- Opening Delimiter -

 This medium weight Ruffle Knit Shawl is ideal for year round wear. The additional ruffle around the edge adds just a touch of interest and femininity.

- Closing Delimiter -
- Opening Delimiter -

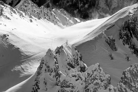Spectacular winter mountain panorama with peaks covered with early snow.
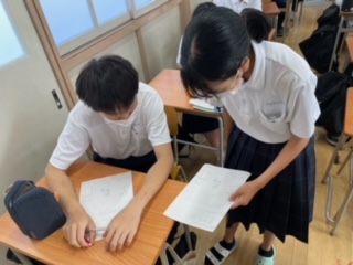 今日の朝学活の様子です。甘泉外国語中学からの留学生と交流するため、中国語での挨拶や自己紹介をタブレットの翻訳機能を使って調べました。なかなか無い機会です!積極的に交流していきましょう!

- Closing Delimiter -

Task details
Nothing but the lines from the one with "Spectacular winter mountain" to the one with "今日の朝学活の様子です。甘泉" above, both included, should be transcribed, exactly and without pictures.

Result of this exercise
Spectacular winter mountain panorama with peaks covered with early snow.
 今日の朝学活の様子です。甘泉外国語中学からの留学生と交流するため、中国語での挨拶や自己紹介をタブレットの翻訳機能を使って調べました。なかなか無い機会です!積極的に交流していきましょう!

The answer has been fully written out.